SAKSI OLMANIN FAYDALARI


         
             Madem gençlik filmleri bu aralar çok revaçta Saksı Olmanın Faydaları'nı da es geçmemek gerek.Saksı Olmanın Faydaları Charlie adlı bir gencin başından geçen olayları anlatıyor.Daha çok ergenlik sorunları,kız- erkek ilişkileri,psikolojik sorunlar ve aile ile ilgili hepimizin başından geçmiş konulara odaklanıyor.Ama filmi benzersiz kılan iki ana hat var.

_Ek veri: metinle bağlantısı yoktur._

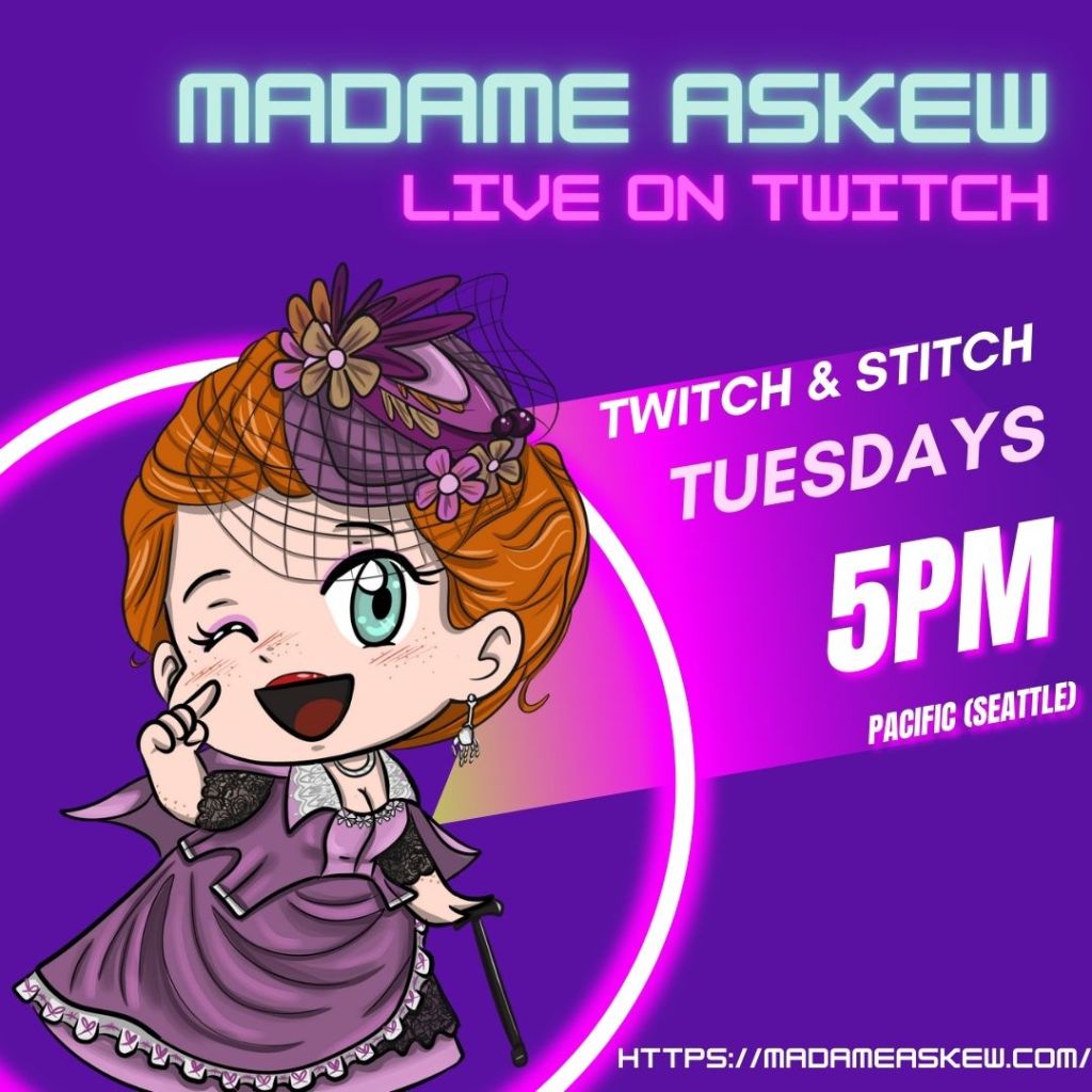 I am excited for our weekly Twitch and Stitch this evening at 5 PM Pacific (Seattle). I adore this regular opportunity to dish some sewing gossip, exchange recommendations for tools and techniques, and our moments of cheeky double entendre!

Biri filmdeki gençlerin eşsiz müzik zevki ,ikincisi ise Charlie'nin geçmişindeki sır.
 Charlie liseye yeni başlamıştır.Çok fazla çabalasa da ucube ve yalnız çocuk imajından
 kurtulamamakta ve aynı zamanda geçmişinde olan olaylar ve sorunlarla mücadele etmektedir.Bir futbol maçı sırasında Patrick ve onun üvey kardeşi Sam ile tanışır.Bu bohem ikili Charlie'yi hem yeni bir arkadaş çevresi hem de yepyeni deneyimlerle tanıştırırlar.Ama en önemlisi de ona eşsiz  müzik zevklerini aşılarlar.Charlie önceleri yükselişe geçse de bir süre sonra dibe vurur.Anıları ve bulanık geçmişi onu bir gölge gibi takip etmektedir.Charlie zamanla hem kendinin  hem de mükemmel arkadaşlarının sorunlarıyla yüzleşmek durumunda kalacaktır.
Kimi zaman eğlenceli,kimi zaman dramatik bu  film ergenlik günlerinize döndürecek sizi
 Kaçırmayın derim.

AYNI YILDIZIN ALTINDA KANSER TEMALI FİLMLERE FARKLI BİR BAKIŞ



     
       Aynı Yıldızın Altında 'ya gençlik filmi olduğunu tahmin ettiğim için önyargıyla yaklaşmış ve izlememiştim.Fakat geçenlerde boş bir vaktimde izleme fırsatı buldum.Kanser temalı filmler zordur.Ölüm ve hastalık sürecinin anlatımı duygu sömürüsü yapmaya oldukça eğilimlidir.Oysa bu film bunlardan mümkün olduğunca uzak durmuş ve daha çok kanserli iki gencin yavaş yavaş gelişen aşk sürecine odaklanmış.Kanser temalı bir film ama daha çok bir aşk hikayesi.Vıcık vıcık da değil.
        Hazel Grace  güzel,akıllı,klişe şeylerden nefret eden kanser hastası bir genç kızdır.Ölümün eşiğine kadar gelmiş ama deneysel bir tedavi ile ömrü uzamıştır..Ailesi kızlarının hem sorunlarını paylaşması hem de daha sosyal olmasını istedikleri için onu kliseye bağlı bir kanser hastaları destek grubuna gönderir.Hazel Grace önceleri oradan sıkılır.Ta ki Augustus ile tanışana kadar.Augustus tek bacağını kansere kurban etmiş eski bir basketbolcu gençtir.Augustus hem çok açık sözlüdür  hem de eşsiz bir espri yeteneği vardır.Hazel Grace ile Augustus aynı zevkleri paylaşmasalar bile çok eğlenirler.İlişkileri zamanla derinleşir.Augustus,Hazel Grace 'e sürpriz yaparak onu en sevdiği yazarla tanıştırmak için bir Hollanda seyahati ayarlar.Fakat işler hiç de düşündüğü gibi gitmeyecektir.
         Akıcı ve rahat izlenebilen bir film olmasına rağmen ölümü bekleyen insanları görmek ve hele ki onlar büyük bir aşk yaşıyorken asla  mutlu bir sonları olamayacağını bilmek gene de üzüyor insanı.Ben filmi sevdim.Dediğim gibi filmde hem aşk hem de ölüm olmasına rağmen duygu sömürüsü tuzağı yok.İzleyin derim.